> Work to be completed:
Every record is to be duplicated exactly as it reads, without its images.

Records excerpted from a collection
Start of Block

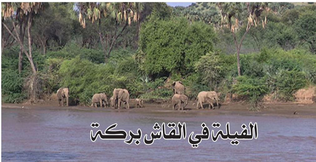
الفيلة في القاش بركت

في حالتنا، تُعد الأفيال في أوقارو وقونيا وهيكتا وما حولها، والحياة البرية المحيطة بأمحجر، وغيرها من
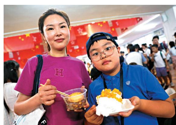
●顏女士與兒子。
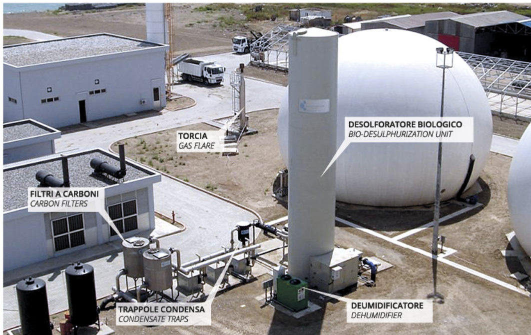
Componenti per il trattamento del biogas da digestione anaerobica di fanghi Components for biogas treatment from anaerobic sludge digestion
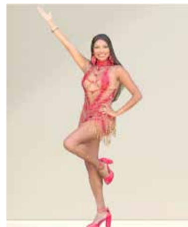
teu no concurso Rainha do Carnaval de Porto Alegre, vindo a integrar a corte da nossa capital, no início dos anos 2000.

"Minha história com o carnaval teve início na infância, quando acompanhava minha mãe nos ensaios de escolas de samba em Porto Alegre. Aos 16 anos, fui convidada para ser rainha da Tribo Os Guaianazes, a qual represen-
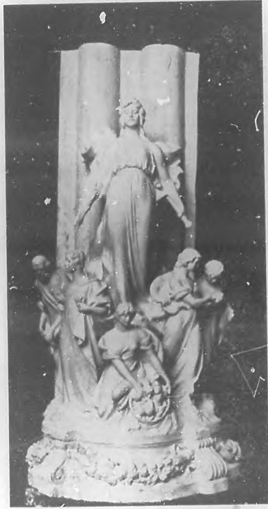
LA BENEFICENCIA.—Boceto de la alegoría escultórica que ha de figurar en la fachada del Palacio del Centro Gallego, obra del escultor Moretti.

de mármol. A estas últimas es a las que vamos a referirnos hoy, por ser las que completan los cuatro colosales grupos de mármol, que hechos en Italia, ha traído Moretti y comienza ahora a colocar en sus grandes pedestales.
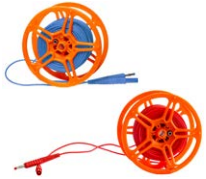
Prüfleitung 25 m auf Spule (Bananenstecker) blau / rot WAPRZ025BUBBSZ WAPRZ025REBBSZ
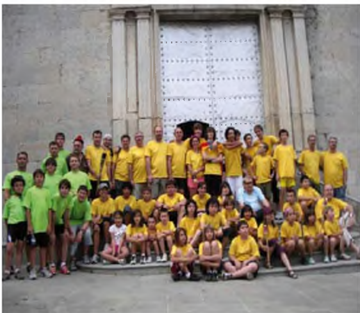
Festa de Sant Joan. Autor: J.V.

No cal dir que la participació de públic va ser un èxit. Des de Vitraris aprofitem aquest article per donar les gràcies a tots els vidrerencs que hi van col·laborar.
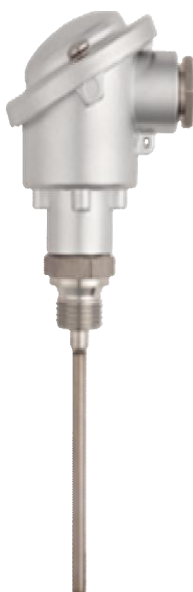
Рисунок 4 - Общий вид термопреобразователей 901220
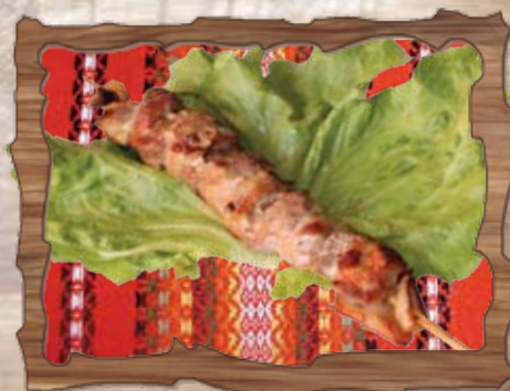
Свинско шишче 100 гр./ ..... лв.
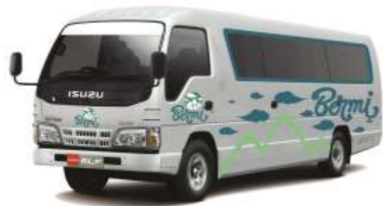
Gambar 19. Branding mobil angkutan
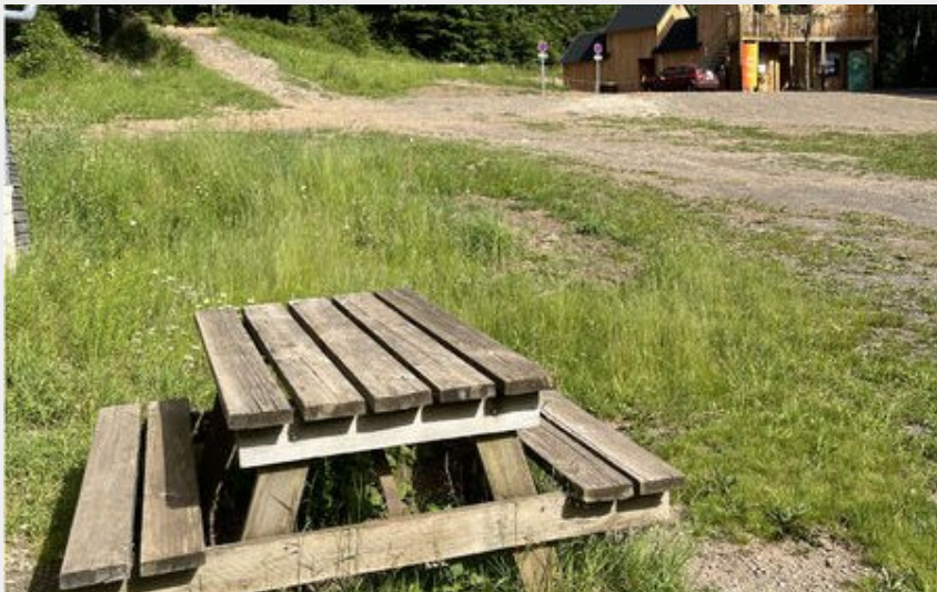
Crédit photo : Aire de pique-nique Pont des eaux - Le Falgoux (Mairie Le Falgoux)
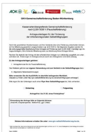
Titelseite des Antragsformulars

Welche Gruppen Anspruch auf die GKV-Förderung haben, können Sie unter anderem auf dem Merkblatt für Selbsthilfegruppen nachlesen. Dort finden Sie auch eine Ausfüllhilfe für den Antrag. Bitte reichen Sie den Antrag im Original ein beim Gesundheitstreffpunkt Mannheim, Max-Joseph-Straße 1, 68167 Mannheim. Antragsfrist ist der 31. März. Den aktuellen Antrag finden Sie hier oder auf der Internetseite des Gesundheitstreffpunkts . Bitte achten Sie darauf, dass Sie den Antrag zuerst mit dem neuesten Adobe Reader herunterladen und dann ausfüllen. Die Antragsumme muss händisch berechnet werden. Wenn Sie Hilfe beim Ausfüllen des Antrags benötigen oder Fragen haben, unterstützen wir Sie gerne. Bitte melden Sie sich dazu beim Gesundheitstreffpunkt unter 0621-339 1818 oder per E-Mail .
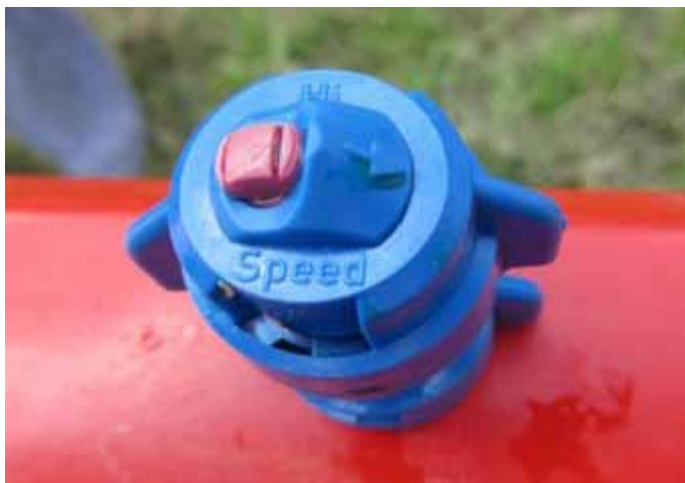
Slika 2. Mlaznica TurboDrop HiSpeed 110-03

Ta mlaznica spada među najnovija dizajnerska rješenja u proizvodnji mlaznica za smanjenje zanošenja sa simetrično orijentiranim mlazovima, tako da je pogodna za korištenje kod visokih brzina. To povećava produktivnost i kvalitetu depozita na biljkama pa se naširoko koristi na velikim površinama. Idealna je za prskanje fungicidima i insekticidima kod radnog tlaka od 4 do 8 bara. Također se odlikuje poboljšanim pokrivanjem vertikalnih i skrivenih dijelova biljaka (Produkt katalog 109 Agrotop 2013).
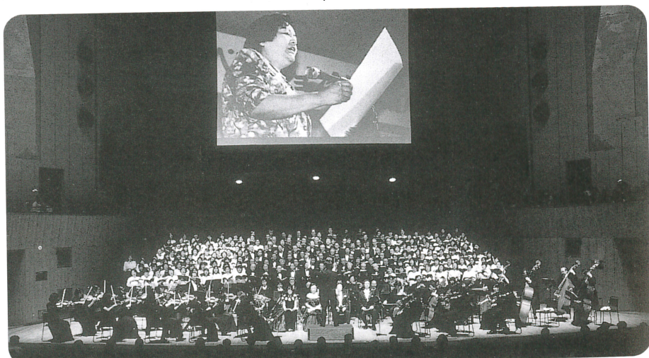
吉田裕史指揮、東京交響楽団メンバーによるモーツァルトの《レクイエム》

各地のピアノ指導者の組織化、社団法人化をはじめ、コンクール、セミナーの開催、そして新たに生涯学習へと、その活動の輪を広げていくピティナ。このピティナを全国に129支部、8000人の会員を擁する世界最大規模のピアノ指導者団体につくりあげたのは、まぎれもなく故福田靖子氏の力による。その偉大な業績は故人の遺志とともにあらたな世紀を迎え、さらに未来へと引き継がれようとしている。
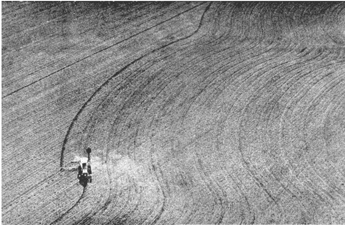
دنيس اوپنهايم، بذر افشانی جهت داده شده، ۱۹۶۹، هلند

هنرمند قسمتی از مزرعه را با طراحی قبلی به طور خاصی شخم می‌زند و آرایش جدیدی به وجود می‌آورد. عکس ثبت شده را برش می‌زند و این کار به دست می‌آید.
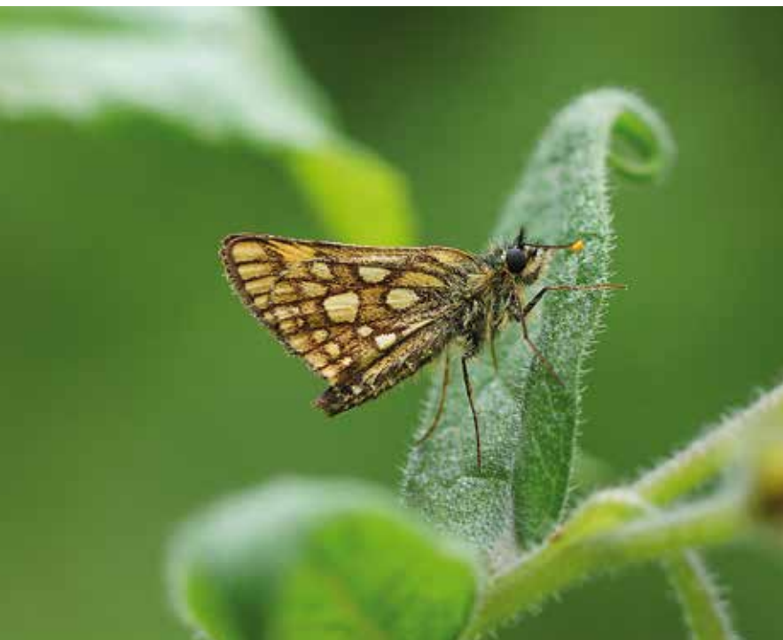
Bont dikkopje, De Scheeken.

De bijzondere leembossen vormen tezamen met de andere biotopen een gevarieerd mozaïeklandschap
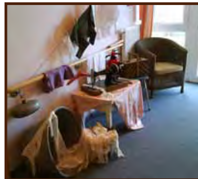
Themenbereich im Pflegezentrum

Sämtliche Teile des Hauses sind für Gehbehinderte und Rollstuhlfahrer bequem zu erreichen.
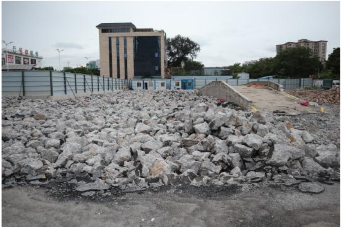
图 22 西部地块现状（东-西）
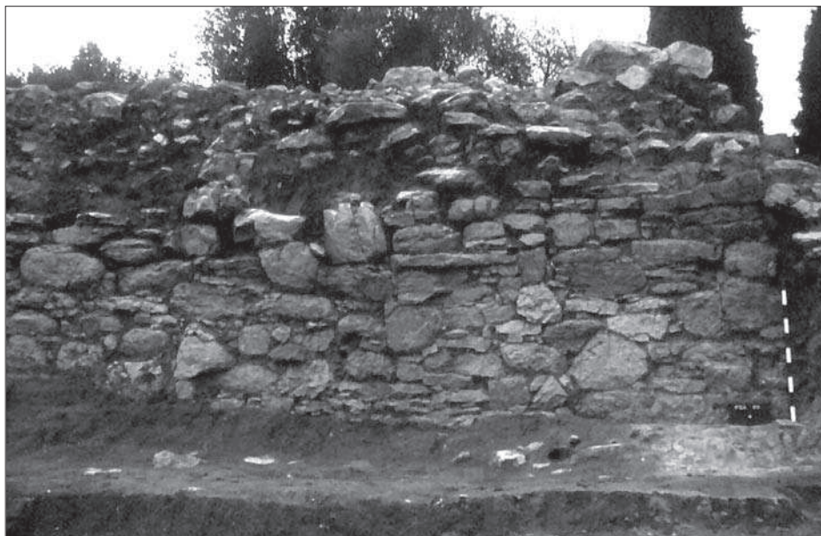
Figura 3. Detall del parament de la muralla vella
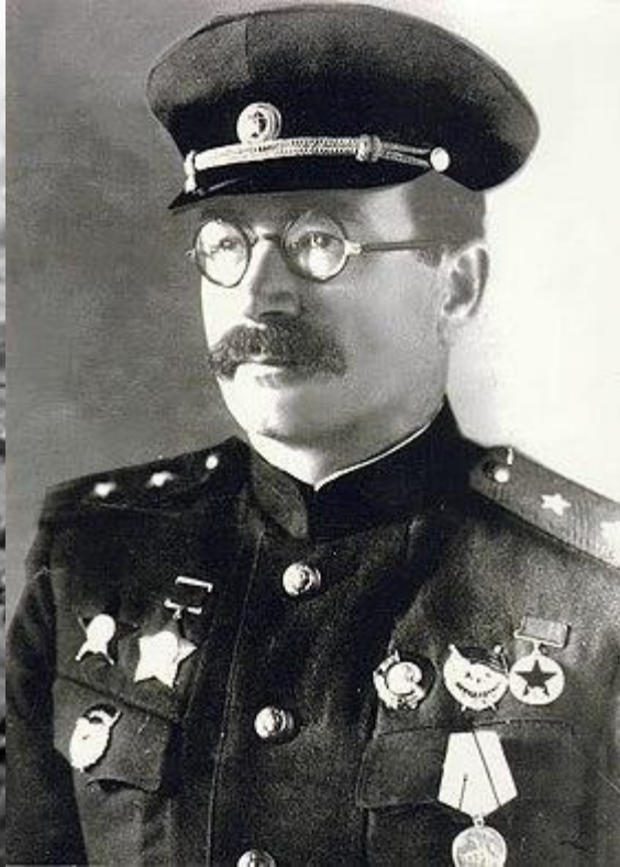
П. А. Ротмистров

Непосредственное командование танковыми соединениями во время сражения осуществлял: генерал-лейтенант Павел Ротмистров. Ни одной из сторон не удалось достичь целей, поставленных на 12 июля: германским войскам не удалось захватить Прохоровку, прорвать оборону советских войск и выйти на оперативный простор, а советским войскам не удалось окружить группировку противника.
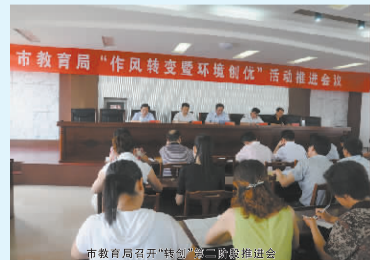
市教育局召开“转创”第二阶段推进会
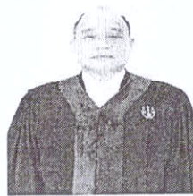
นายอาทร คุระวรรณ อธิบดีศาลปกครองสงขลา
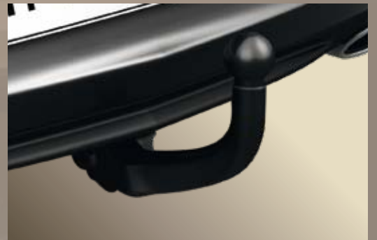
Anhängervorrichtung* 17 36 372-373
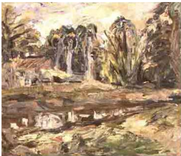
Sem título. Iberê Camargo. 1941.

Iberê Camargo é um artista gaúcho, nascido em 1914 e responsável pela criação de diversas pinturas e gravuras. No início de sua carreira, teve formação em pintura e arquitetura no Rio Grande do Sul e, anos mais tarde, estudou pintura no Rio de Janeiro. O principal tema de suas primeiras obras eram paisagens. Embora no início suas obras fossem mais realistas, já era possível ver nelas características da arte abstrata.
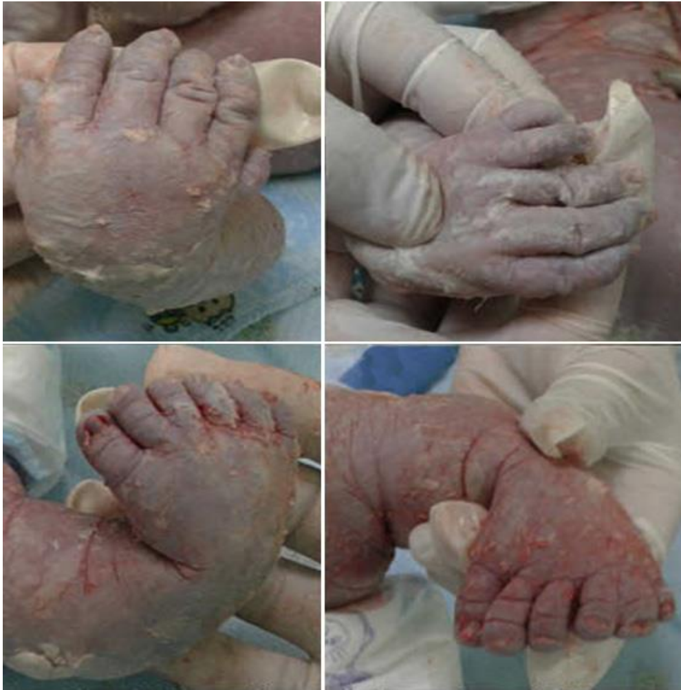
Fig. 2. Extremidades superiores e inferiores con presencia de polidactilia.

El estudio posmortem de Tomografía Axial Computarizado (TAC) simple y de reconstrucciones tridimensionales, mostró:
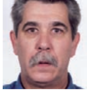
Rafael Medina Restaurante del Parador de Extremadura
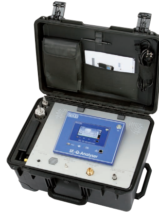
Analizzatore modello GA11

End of Block

> Solved problem:
الفيلة في القاش بركت

في حالتنا، تُعد الأفيال في أوقارو وقونيا وهيكتا وما حولها، والحياة البرية المحيطة بأمحجر، وغيرها من
●顏女士與兒子。
Componenti per il trattamento del biogas da digestione anaerobica di fanghi Components for biogas treatment from anaerobic sludge digestion
teu no concurso Rainha do Carnaval de Porto Alegre, vindo a integrar a corte da nossa capital, no início dos anos 2000.

"Minha história com o carnaval teve início na infância, quando acompanhava minha mãe nos ensaios de escolas de samba em Porto Alegre. Aos 16 anos, fui convidada para ser rainha da Tribo Os Guaianazes, a qual represen-
LA BENEFICENCIA.—Boceto de la alegoría escultórica que ha de figurar en la fachada del Palacio del Centro Gallego, obra del escultor Moretti.

de mármol. A estas últimas es a las que vamos a referirnos hoy, por ser las que completan los cuatro colosales grupos de mármol, que hechos en Italia, ha traído Moretti y comienza ahora a colocar en sus grandes pedestales.
Prüfleitung 25 m auf Spule (Bananenstecker) blau / rot WAPRZ025BUBBSZ WAPRZ025REBBSZ
Festa de Sant Joan. Autor: J.V.

No cal dir que la participació de públic va ser un èxit. Des de Vitraris aprofitem aquest article per donar les gràcies a tots els vidrerencs que hi van col·laborar.
Рисунок 4 - Общий вид термопреобразователей 901220
Свинско шишче 100 гр./ ..... лв.
Gambar 19. Branding mobil angkutan
Crédit photo : Aire de pique-nique Pont des eaux - Le Falgoux (Mairie Le Falgoux)
Titelseite des Antragsformulars

Welche Gruppen Anspruch auf die GKV-Förderung haben, können Sie unter anderem auf dem Merkblatt für Selbsthilfegruppen nachlesen. Dort finden Sie auch eine Ausfüllhilfe für den Antrag. Bitte reichen Sie den Antrag im Original ein beim Gesundheitstreffpunkt Mannheim, Max-Joseph-Straße 1, 68167 Mannheim. Antragsfrist ist der 31. März. Den aktuellen Antrag finden Sie hier oder auf der Internetseite des Gesundheitstreffpunkts . Bitte achten Sie darauf, dass Sie den Antrag zuerst mit dem neuesten Adobe Reader herunterladen und dann ausfüllen. Die Antragsumme muss händisch berechnet werden. Wenn Sie Hilfe beim Ausfüllen des Antrags benötigen oder Fragen haben, unterstützen wir Sie gerne. Bitte melden Sie sich dazu beim Gesundheitstreffpunkt unter 0621-339 1818 oder per E-Mail .
Slika 2. Mlaznica TurboDrop HiSpeed 110-03

Ta mlaznica spada među najnovija dizajnerska rješenja u proizvodnji mlaznica za smanjenje zanošenja sa simetrično orijentiranim mlazovima, tako da je pogodna za korištenje kod visokih brzina. To povećava produktivnost i kvalitetu depozita na biljkama pa se naširoko koristi na velikim površinama. Idealna je za prskanje fungicidima i insekticidima kod radnog tlaka od 4 do 8 bara. Također se odlikuje poboljšanim pokrivanjem vertikalnih i skrivenih dijelova biljaka (Produkt katalog 109 Agrotop 2013).
吉田裕史指揮、東京交響楽団メンバーによるモーツァルトの《レクイエム》

各地のピアノ指導者の組織化、社団法人化をはじめ、コンクール、セミナーの開催、そして新たに生涯学習へと、その活動の輪を広げていくピティナ。このピティナを全国に129支部、8000人の会員を擁する世界最大規模のピアノ指導者団体につくりあげたのは、まぎれもなく故福田靖子氏の力による。その偉大な業績は故人の遺志とともにあらたな世紀を迎え、さらに未来へと引き継がれようとしている。
دنيس اوپنهايم، بذر افشانی جهت داده شده، ۱۹۶۹، هلند

هنرمند قسمتی از مزرعه را با طراحی قبلی به طور خاصی شخم می‌زند و آرایش جدیدی به وجود می‌آورد. عکس ثبت شده را برش می‌زند و این کار به دست می‌آید.
Bont dikkopje, De Scheeken.

De bijzondere leembossen vormen tezamen met de andere biotopen een gevarieerd mozaïeklandschap
Themenbereich im Pflegezentrum

Sämtliche Teile des Hauses sind für Gehbehinderte und Rollstuhlfahrer bequem zu erreichen.
图 22 西部地块现状（东-西）
Figura 3. Detall del parament de la muralla vella
П. А. Ротмистров

Непосредственное командование танковыми соединениями во время сражения осуществлял: генерал-лейтенант Павел Ротмистров. Ни одной из сторон не удалось достичь целей, поставленных на 12 июля: германским войскам не удалось захватить Прохоровку, прорвать оборону советских войск и выйти на оперативный простор, а советским войскам не удалось окружить группировку противника.
市教育局召开“转创”第二阶段推进会
นายอาทร คุระวรรณ อธิบดีศาลปกครองสงขลา
Anhängervorrichtung* 17 36 372-373
Sem título. Iberê Camargo. 1941.

Iberê Camargo é um artista gaúcho, nascido em 1914 e responsável pela criação de diversas pinturas e gravuras. No início de sua carreira, teve formação em pintura e arquitetura no Rio Grande do Sul e, anos mais tarde, estudou pintura no Rio de Janeiro. O principal tema de suas primeiras obras eram paisagens. Embora no início suas obras fossem mais realistas, já era possível ver nelas características da arte abstrata.
Fig. 2. Extremidades superiores e inferiores con presencia de polidactilia.

El estudio posmortem de Tomografía Axial Computarizado (TAC) simple y de reconstrucciones tridimensionales, mostró:
Rafael Medina Restaurante del Parador de Extremadura
Analizzatore modello GA11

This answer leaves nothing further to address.